I speak with my students often about body language, tone of voice, and facial expression, and how this impacts what message we are sending to others. We practice these skills in role model fashion.
In fact, just recently, we practiced expressing our feelings by verbalizing one word, but using tone of voice, gestures, and other body language to express a statement or feeling. Body language can “say” a lot.
Developing and maintaining friendships is important for everyone. It has been said that having a friend is the emotional equivalent to having more than $1 million. Connecting with others and sharing a friendship is a lifelong need.

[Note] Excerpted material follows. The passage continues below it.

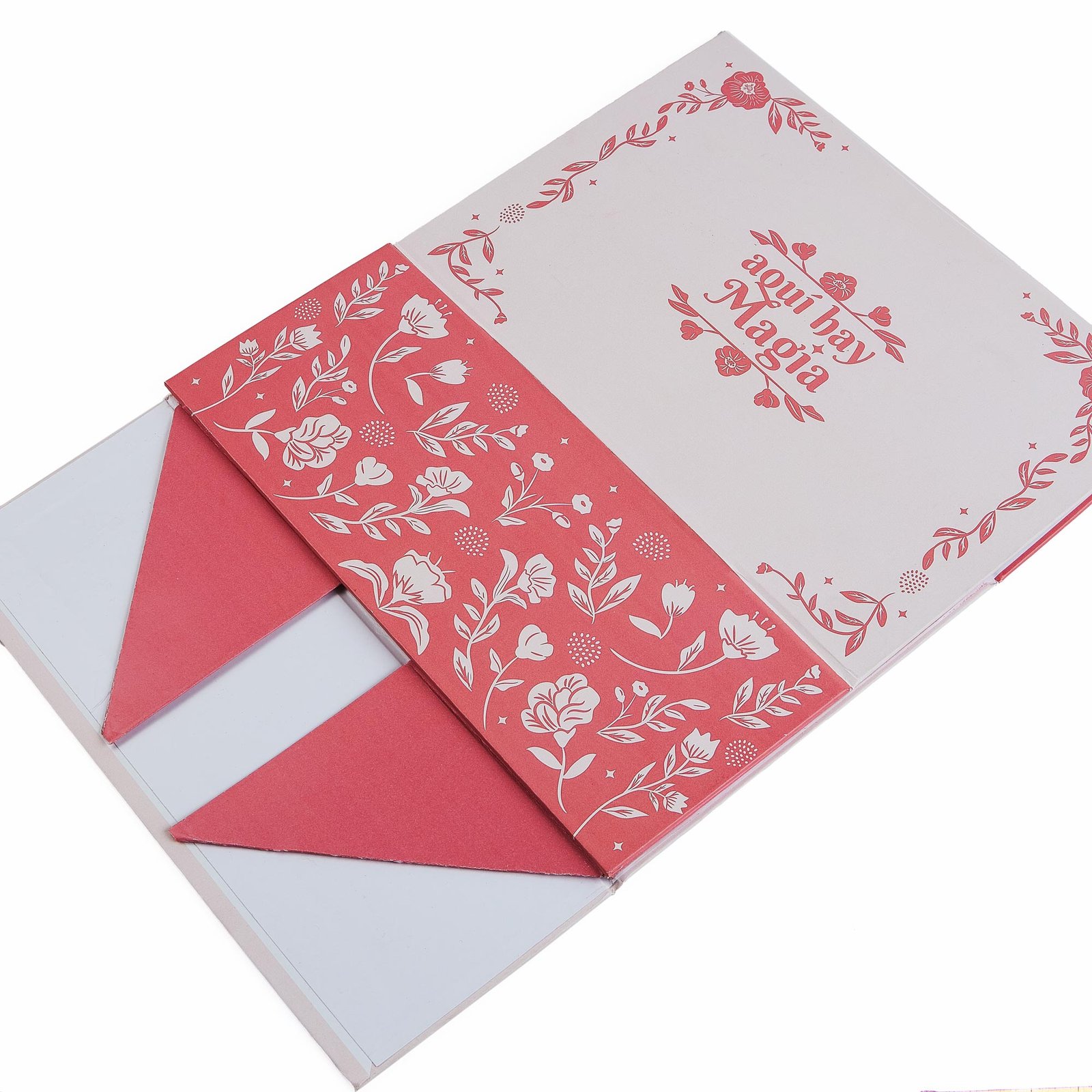 Hecha en cartón industrial plegable, resistente y funcional, diseñada para brindar practicidad sin perder estilo. En el mensaje dice «Aquí hay magia» que inspira y hace cada detalle especial, es ideal para empacar regalos, armar desayunos sorpresa o presentar productos de forma creativa y elegante. Fácil de armar, segura y perfecta para sorprender en cualquier ocasión.

With relationships of all kinds, whether personal or work relationships, resolving conflicts in a mutually-satisfying way is crucial to relationships.
Helping our children in this process is important. We need to model this skill in our own adult relationships give-and-take.
Throughout each of our lives, we will all have to cope with difficult situations, be it physical hurting, mistakes made, being teased, or emotional pain. Dealing with difficult situations cannot be avoided, but finding healthy manners in which to deal is the key. We cannot protect our children from all pain, either. We have to teach them how to deal and move on.
As our children grow, identifying personal interests and strengths is important for their well-being. We, as parents, have to remember that their personal interests and strengths may not be the same as our own interests. We need to value our children for who they are and not only allow, but help them grow in their skills and passions.
This list is certainly not exhaustive, and I have not listed all that are tacked to my desk, but I know that these skills are what I want for my own children and my students, as well as for all children.
Helping our children grow and develop in academic skills is important, but personal skills are just as important, if not more, to well-being.